After his second wrist surgery last year, Meissner was unable to rush back like he did the first time. But he couldn’t afford to wait too long either. His surgery in mid-October was the same procedure as Jordan Spieth, who was absent from September to February.

“If you’re in his position on the PGA Tour, you’re probably in a position where you can wait a little bit longer,” Meissner said. “If you’re on the Korn Ferry Tour and you’re not getting paid when you’re not playing, you kind of have to rush back a little bit.”

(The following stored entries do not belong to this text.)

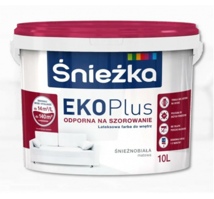 Краска ŚNIEŻKA EKO Plus характеризуется снежно-белым цветом с высоким уровнем матовости. Создаёт стойкое белое покрытие, устойчивое к истиранию и воздействию ультрафиолетовых и UVC лучей.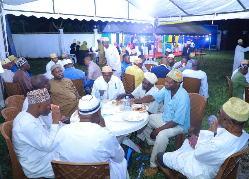 Wananchi mbalimbali wa Wilaya ya Mafia mkoani Pwani wakijumuika katika futari iliyoandaliwa na Makamu wa Rais wa Jamhuri ya Muungano wa Tanzania Mheshimiwa Dkt. Philip Mpango aliyoitoa kwaajili ya wakazi wa Wilaya hiyo hususani watu wa makundi maalum wakiwemo walemavu, wazee na watoto wanaoishi katika mazingira magumu.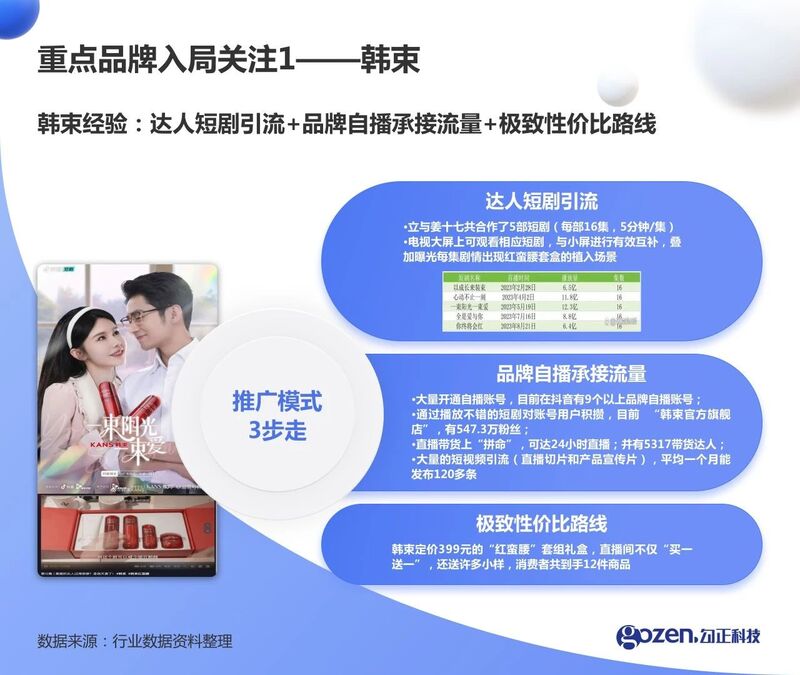 化妆品品牌韩束与姜十七共合作了5部微短剧。采用“达人微短剧引流+品牌自播承接流量+极致性价比”路线。韩束自今年2月以来,已在抖音平台连续7个月取得3位数增长;9月获得近2.9亿元的GMV(位列TOP1)。

Not that Meissner didn’t speed things up cleverly. After his surgery, his mother brought him back home to San Antonio. They made a pit stop in Kansas City to see his sister perform in a ballet rendition of Alice in Wonderland; with Meissner on painkillers you could imagine the experience. A week later, he couldn’t fit his cast arm into his suit jacket for his cousin’s wedding, where he had to read a passage during the ceremony.

In December, Meissner hit waves, and when the KFT season started in January in the Bahamas, Meissner played it up and completed T-39. He followed with three consecutive finishes of T-11 or better to build a nice, early cushion in the standings.

In July, Meissner was among KFT professionals who pledged money for every bird made to victims of the devastating floods in Kerrville, Texas. Meissner grew up and worked at Laity Lodge, a Christian camp less than an hour from Camp Mystic, where 27 campers and counselors died in the floods. While finishing in ninth place at the NV5 Invitational, his final tournament of the hopefuls, Meissner birdied the final hole to end the week with 25 birdies and an eagle (27 shots won). The event also ended on July 27.

“That was pretty poetic,” said Meissner, who still wears a green ribbon on his hat in honor of the lives lost. “That was one of the first times that something so worldly and very tragic happened that really affected me. I was really devastated.”

Meissner hasn’t finished better than T-22 since that tournament, missing three of six cuts. He’s had to rely more on the putter as his usually elite ball striking and distance control have diminished.

While he has fallen from No. 11 in points at the start of August to now just outside the bubble, Meissner will also be leaning on his confidence.

If he should be on the PGA Tour in 2026, he will be.

But he will be grateful regardless of the outcome on Sunday.